Greg - 17 Aug 2007 15:33 GMT
Thank you so much for your help so far.
What if the box 0 fruit for a particular farm is not apple?
BOX-FRUIT TABLE:
FARM BOX FRUIT
1 0 apple
1 59 pear
1 60 pear
1 91 plum
1 92 plum
1 96 pear
2 0 apple
2 60 pear
2 71 plum
2 91 plum
2 98 pear
3 0 pear <=====
3 1 plum
3 2 plum
3 96 apple
same box-wieght table
RESULT:
FARM BOX WEIGHT FRUIT
----------- ----------- ----------- ---------------
1 1 13 apple
1 2 12 apple
1 3 13 apple
1 59 14 pear
1 65 15 apple
1 91 10 plum
1 96 17 pear
1 99 19 apple
2 1 12 apple
2 2 14 apple
3 1 17 plum
3 2 13 plum
3 3 14 pear (not apple since box0
fruit is pear for this farm)
COALESCE(FRUIT, 'apple') would have to change to the equivalent of
COALESCE(FRUIT, {whatever box0 fruit is for this farm})
Greg
>> The question is, how do I join the fruit boxes table to the box weight table so that the box weight table as a forth column indicating the fruit type? <<
This design flaw is common enough to have a name --Attribute
Splitting. What are the attributes of a fruit box? Are they all in
one table or are they split across two or more tables (so you have to
do complex joins for the most basic facts)? You already know the
answer to that one!
Try a relational design, with constraints, etc.

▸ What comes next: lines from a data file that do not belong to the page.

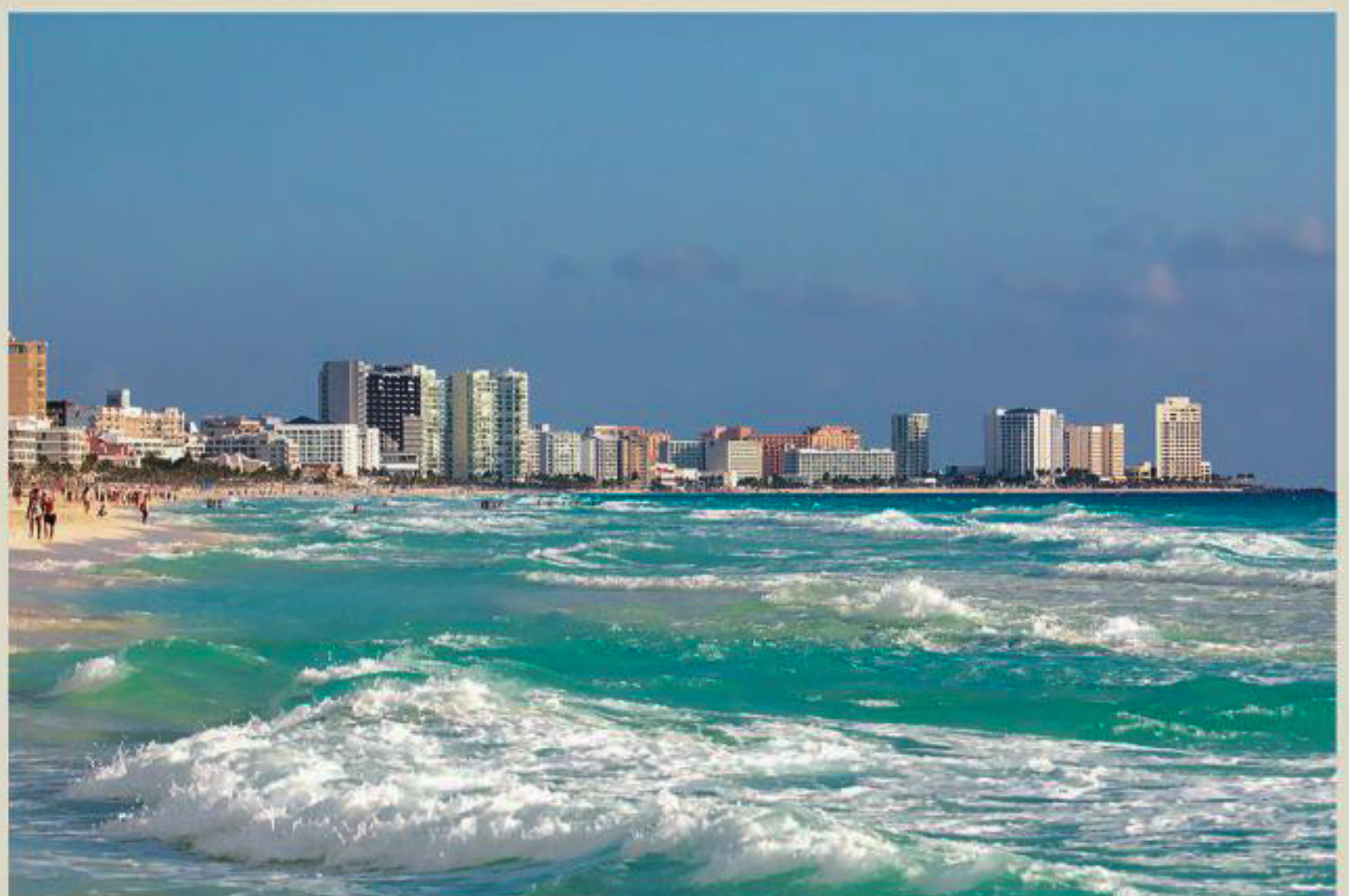
Beach front today, Cancun.
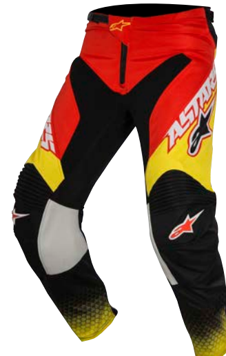
RED BLACK YELLOW 319
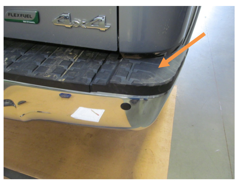
Figure 3: Passenger side plastic cover for bumper

5. Remove plastic corner piece that is on top of the chrome bumper on each side. Do this by depressing tabs underneath of bumper and pressing upward. See Figure 3, and Figure 4.
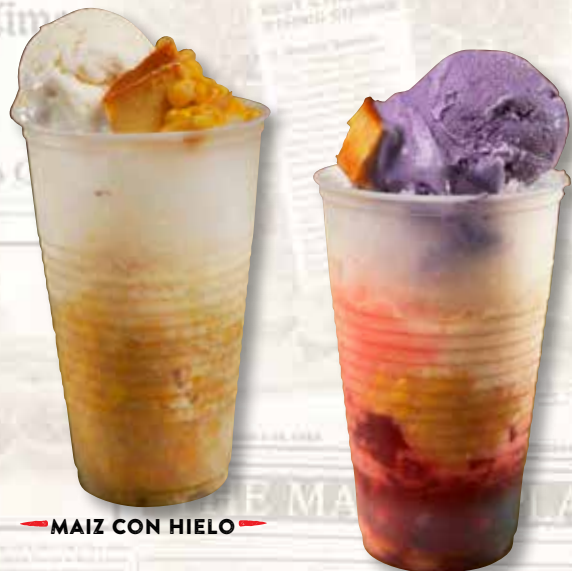
MAIZ CON HIELO

Soybean pudding served with tapioca pearls and syrup
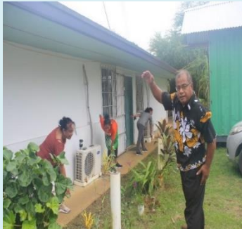
Time to be physically and mentally healthy.
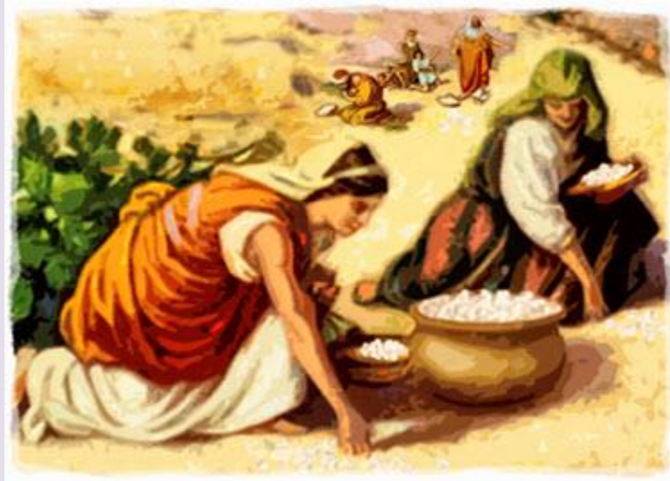
Exo. 16 v 29

And it shall come to pass, that on the sixth day they shall prepare that which they bring in; and it shall be twice as much as they gather daily. And Moses and Aaron said to all the children of Israel: 'At even, then ye shall know that the LORD hath brought you out from the land of Egypt'.
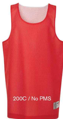
200C / No PMS
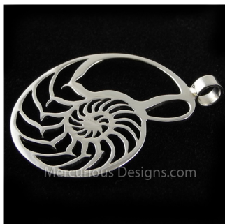
Ammonite Cut out Pendant
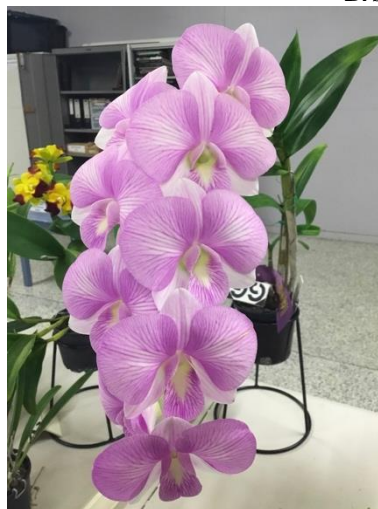
Den. Burana Stripe
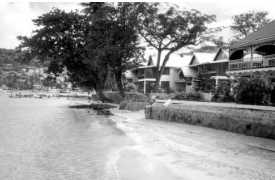
Photo 11. Retaining wall, Port Elizabeth, Bequia, St Vincent and the Grenadines. November 2000.

Another coastal problem in St Lucia relates to beach sand mining, which again has become a serious issue. Sand mining is under the jurisdiction of the Ministry of Communications and Works. Considerable efforts were made in the early 1990s to ensure that this Ministry was fully aware of the adverse impacts of beach sand mining. However, with a very high staff turnover at this Ministry, such efforts have to be continued, so that the impacts of activities such as sand extraction at river mouths are fully understood and remedied.
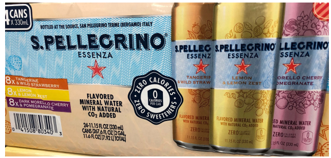
NEW! S. Pellegrino Flavored Sparkling Water
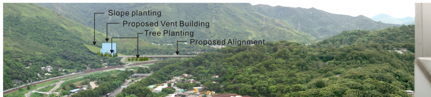
View Towards the Project with Mitigation Measures at Year 10 Operation from VP10
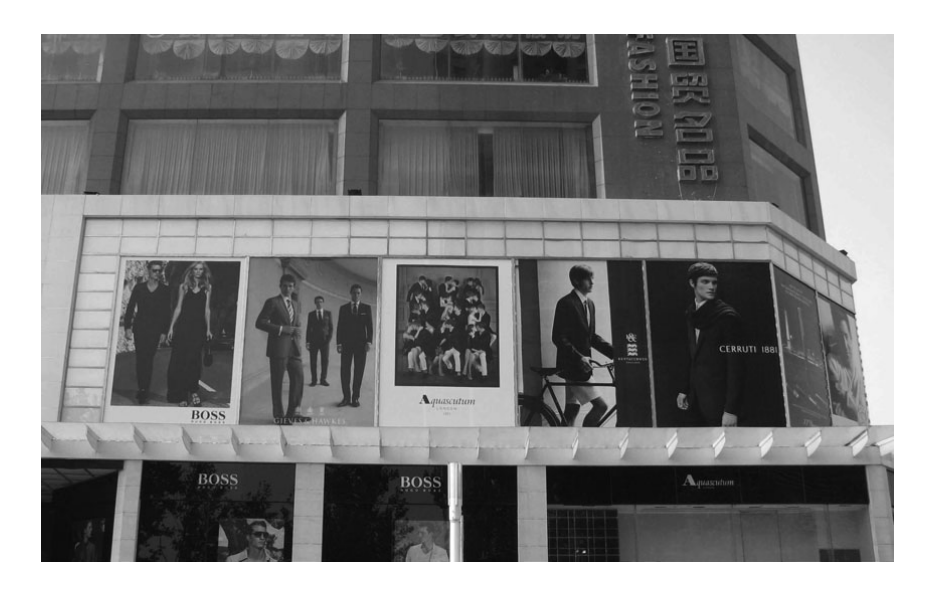
Image 11 and 12. Kissing in public is considered as belonging uniquely to Western culture and lifestyle. A London-based Western brand features kissing on its billboard affixed to a multi-story store building that sells specifically expensive "internationally famous brands."
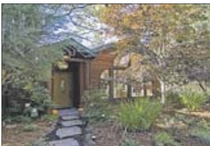
Orinda $1,350,000 4/3
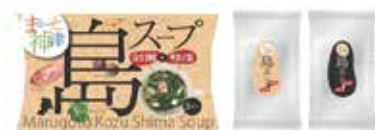
Development of "Shima Soup" (Kozushima Tourism Association)

<Example of specialty product development support>

Why did you use
singular names for tables which model sets of things? Your fruits
seem to be labeled with the type and the variety of the produce, so
let's code that as two columns.
CREATE TABLE FruitBoxes
(farm_nbr INTEGER NOT NULL,
box_nbr INTEGER NOT NULL
CHECK (box_nbr BETWEEN 1 AND 99),
PRIMARY KEY (farm_nbr, box_nbr),
box_wgt INTEGER DEFAULT 0 NOT NULL
CHECK (box_wgt >= 0),
fruit_type CHAR(5) DEFAULT 'Apple' NOT NULL,
fruit_variety CHAR(10) DEFAULT '{{unk}}' NOT NULL,
FOREIGN KEY (fruit_type, fruit_variety)
REFERENCES Fruits (fruit_type, fruit_variety)
..);
CREATE TABLE Fruits
(fruit_type CHAR() NOT NULL,
fruit_variety CHAR(10) NOT NULL,
PRIMARY KEY (fruit_type, fruit_variety),
..);
INSERT INTO Fruits
VALUES ('Apple', 'Macintosh', ..),
('Apple', 'Golden_Del', ..),
('Apple', 'Red_Del', ..),
('Apple', '{{unk}}', ..), -- unknown generic apple code
('Pear', 'Bartlett', ..), ..;
Now let's assure that all the boxes are inventoried with an
assertion.
CREATE ASSERTION AllBoxesInventoried
AS
CHECK (99 = ALL (SELECT COUNT(*)
FROM FruitBoxes
GROUP BY farm_nbr));
If you are worried about the extra storage that a proper design
requires, consider that you can get megabytes for pennies, but the
execution time you will waste, the complexity of maintaining lateral
outer joins, lack of data integrity, etc. in what you have now will
cost you dollars in human time and errors.